[Input data Boundary: Start]
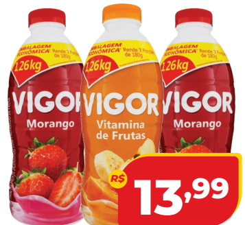
IOG. VIGOR 1260G SABORES
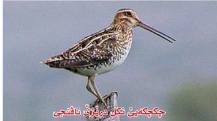
چكچكەبى نكل دريژنى نافىنجى
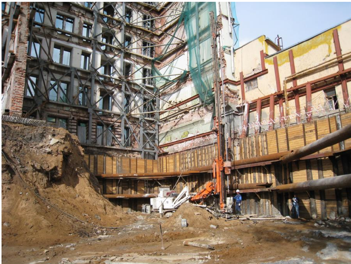
Фото 1. Реконструкция здания по ул. Малая Никитская в Москве
[Input data Boundary: End]
Work to complete |
Repeat the data exactly as given. Keep every picture out of the copy.

Finished exercise |
IOG. VIGOR 1260G SABORES
چكچكەبى نكل دريژنى نافىنجى
Фото 1. Реконструкция здания по ул. Малая Никитская в Москве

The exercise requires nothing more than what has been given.